**** Input data

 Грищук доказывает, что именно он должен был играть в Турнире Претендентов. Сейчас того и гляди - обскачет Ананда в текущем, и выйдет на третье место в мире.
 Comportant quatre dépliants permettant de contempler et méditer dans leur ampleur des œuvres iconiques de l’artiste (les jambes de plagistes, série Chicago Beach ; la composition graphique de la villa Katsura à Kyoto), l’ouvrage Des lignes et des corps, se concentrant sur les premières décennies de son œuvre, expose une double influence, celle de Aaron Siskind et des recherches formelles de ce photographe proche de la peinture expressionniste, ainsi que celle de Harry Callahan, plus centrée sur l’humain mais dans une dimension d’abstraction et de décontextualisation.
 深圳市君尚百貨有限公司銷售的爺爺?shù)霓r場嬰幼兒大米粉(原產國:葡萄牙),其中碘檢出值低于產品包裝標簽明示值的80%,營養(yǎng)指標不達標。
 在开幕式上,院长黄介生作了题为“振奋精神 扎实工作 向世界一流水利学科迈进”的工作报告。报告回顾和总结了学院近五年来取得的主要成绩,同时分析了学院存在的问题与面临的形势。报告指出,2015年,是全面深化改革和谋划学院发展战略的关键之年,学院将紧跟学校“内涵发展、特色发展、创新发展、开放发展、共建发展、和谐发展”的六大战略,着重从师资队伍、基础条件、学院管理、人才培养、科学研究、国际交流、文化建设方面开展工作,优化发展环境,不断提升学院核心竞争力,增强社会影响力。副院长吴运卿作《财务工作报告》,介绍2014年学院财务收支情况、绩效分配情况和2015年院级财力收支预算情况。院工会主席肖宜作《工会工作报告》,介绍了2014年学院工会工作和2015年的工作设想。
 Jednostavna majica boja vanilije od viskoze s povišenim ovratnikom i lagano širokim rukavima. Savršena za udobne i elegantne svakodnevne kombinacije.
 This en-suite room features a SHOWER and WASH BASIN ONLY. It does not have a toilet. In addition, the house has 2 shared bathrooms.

********
**** Input data

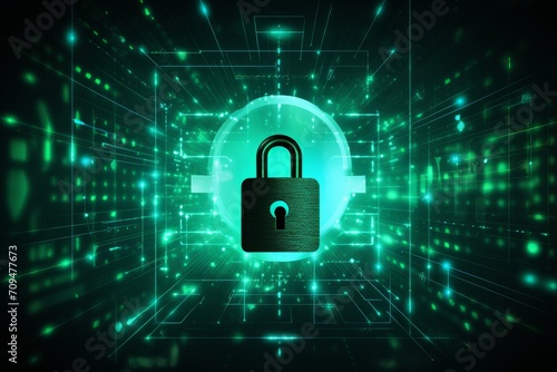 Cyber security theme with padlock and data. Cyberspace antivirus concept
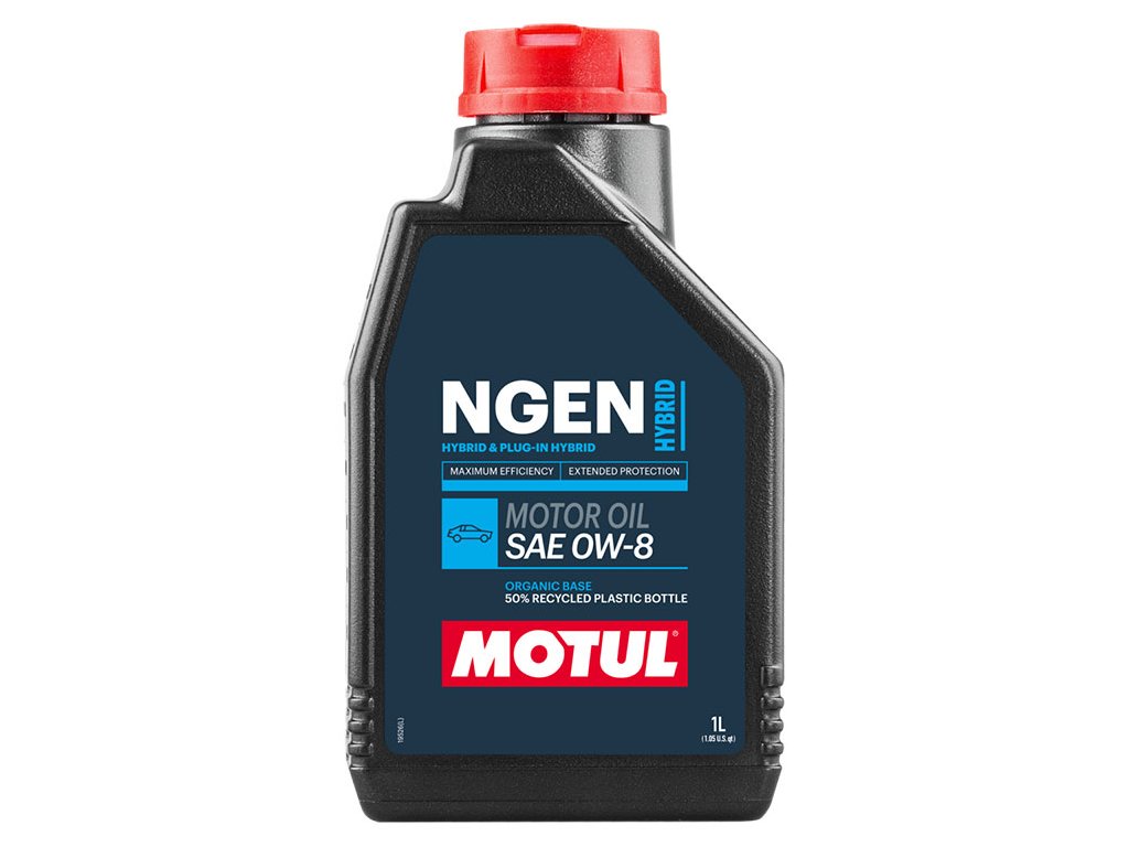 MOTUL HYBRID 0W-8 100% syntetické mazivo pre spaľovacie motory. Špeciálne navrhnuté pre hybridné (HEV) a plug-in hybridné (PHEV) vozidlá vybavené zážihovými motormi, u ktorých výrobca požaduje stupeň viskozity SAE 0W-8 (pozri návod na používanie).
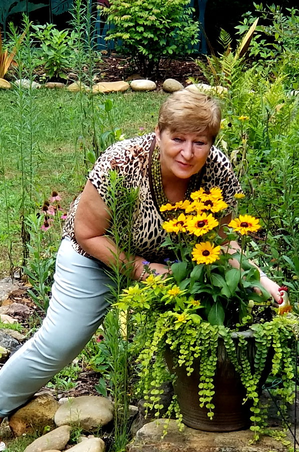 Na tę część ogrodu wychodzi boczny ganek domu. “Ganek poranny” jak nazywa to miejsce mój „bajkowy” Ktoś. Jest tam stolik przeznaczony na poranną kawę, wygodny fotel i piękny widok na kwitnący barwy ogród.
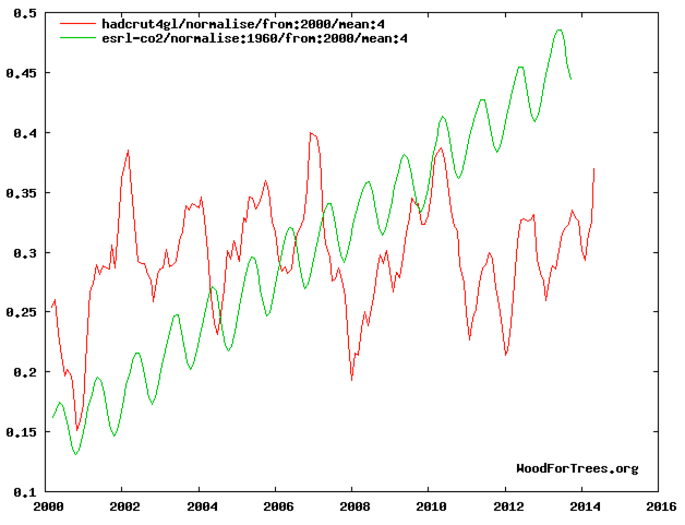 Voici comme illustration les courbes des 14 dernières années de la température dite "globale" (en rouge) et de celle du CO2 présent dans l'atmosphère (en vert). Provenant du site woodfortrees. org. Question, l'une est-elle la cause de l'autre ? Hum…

********
**** Input data

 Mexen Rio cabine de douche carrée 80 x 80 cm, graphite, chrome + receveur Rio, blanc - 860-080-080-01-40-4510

********

■ What the task asks
Look above for the line with "MOTUL HYBRID 0W-8" and the line with "Voici comme illustration". Copy them and every line between, exactly, but no pictures.

■ Exercise output
 MOTUL HYBRID 0W-8 100% syntetické mazivo pre spaľovacie motory. Špeciálne navrhnuté pre hybridné (HEV) a plug-in hybridné (PHEV) vozidlá vybavené zážihovými motormi, u ktorých výrobca požaduje stupeň viskozity SAE 0W-8 (pozri návod na používanie).
 Na tę część ogrodu wychodzi boczny ganek domu. “Ganek poranny” jak nazywa to miejsce mój „bajkowy” Ktoś. Jest tam stolik przeznaczony na poranną kawę, wygodny fotel i piękny widok na kwitnący barwy ogród.
 Voici comme illustration les courbes des 14 dernières années de la température dite "globale" (en rouge) et de celle du CO2 présent dans l'atmosphère (en vert). Provenant du site woodfortrees. org. Question, l'une est-elle la cause de l'autre ? Hum…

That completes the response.